KeyError：不在索引中，使用从 Pandas 数据帧本身生成的键

Question

提问by Jason

I have two columns in a PandasDataFramethat has datetimeas its index. The two column contain data measuring the same parameter but neither column is complete (some row have no data at all, some rows have data in both column and other data on in column 'a' or 'b').

我在 aPandasDataFrame中有两列datetime作为其索引。
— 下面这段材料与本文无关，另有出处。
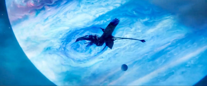 《阿凡达3》主打的色彩是深蓝:大海的颜色。大海也是剧情中正义一方的主要战场。以深蓝做背景,夹杂着通天的火光、七色霞光的穿插,五彩斑斓的大杂烩,让每个观众感受到此时此刻的自己是多么的渺小。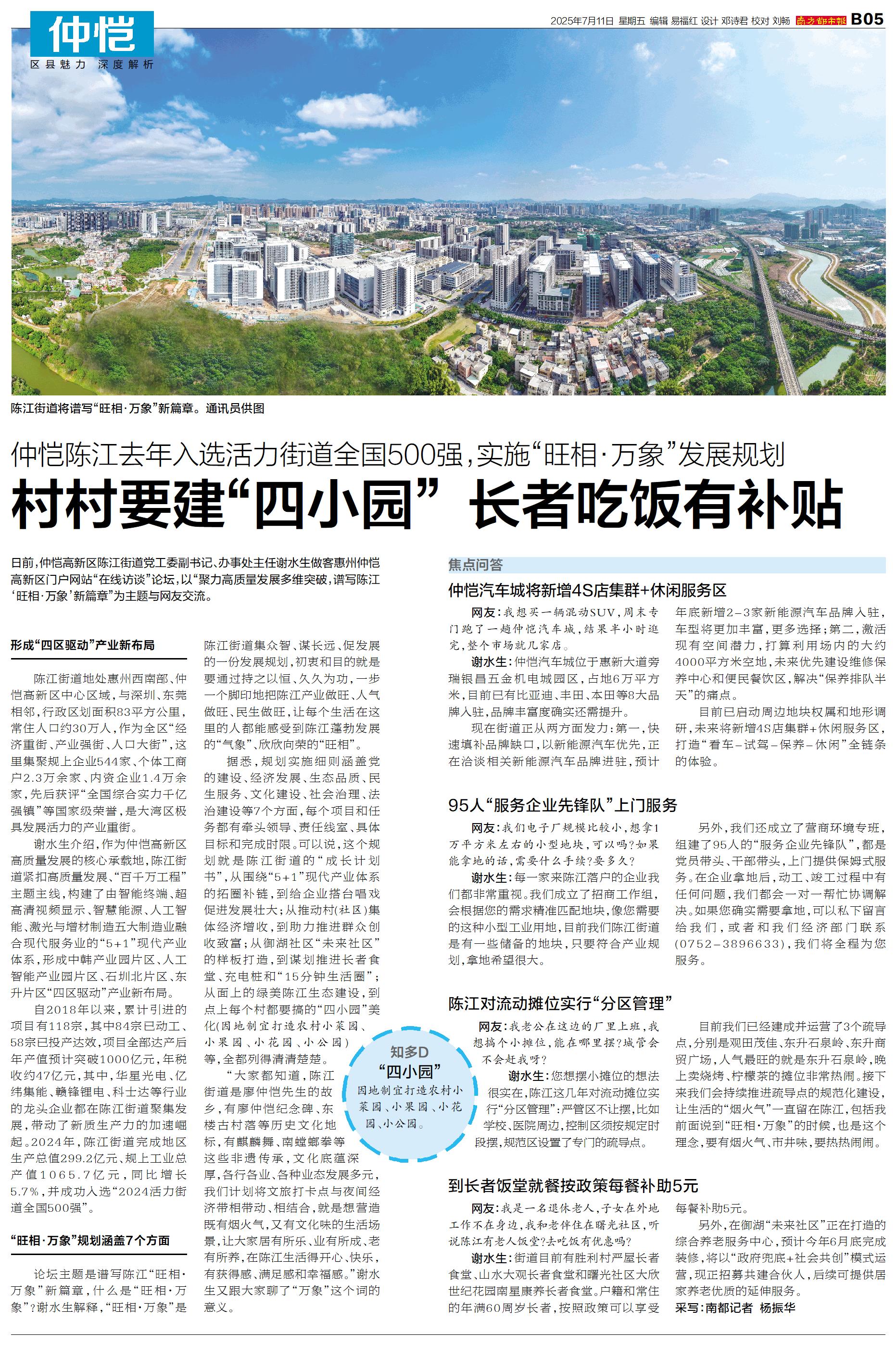 日前,仲恺高新区陈江街道党工委副书记、办事处主任谢水生做客惠州仲恺高新区门户网站“在线访谈”论坛,以“聚力高质量发展多维突破,谱写陈江‘旺相·万象’新篇章”为主题与网友交流。 形成“四区驱动”产

两列包含测量相同参数的数据，但两列都不完整（有些行根本没有数据，有些行两列都有数据，而其他数据在列“a”或“b”中）。

I've written the following code to find gaps in columns, generate a list of indices of dates where these gaps appear and use this list to find and replace missing data. However I get a KeyError: Not in indexon line 3, which I don't understand because the keys I'm using to index came from the DataFrameitself. Could somebody explain why this is happening and what I can do to fix it? Here's the code:

我编写了以下代码来查找列中的间隙，生成出现这些间隙的日期索引列表，并使用此列表查找和替换丢失的数据。但是我KeyError: Not in index在第 3 行得到了一个，我不明白，因为我用来索引的键来自它DataFrame本身。有人可以解释为什么会发生这种情况以及我可以做些什么来解决它？这是代码：

def merge_func(df):
    null_index = df[(df['DOC_mg/L'].isnull() == False) & (df['TOC_mg/L'].isnull() == True)].index
    df['TOC_mg/L'][null_index] = df[null_index]['DOC_mg/L']
    notnull_index = df[(df['DOC_mg/L'].isnull() == True) & (df['TOC_mg/L'].isnull() == False)].index
    df['DOC_mg/L'][notnull_index] = df[notnull_index]['TOC_mg/L']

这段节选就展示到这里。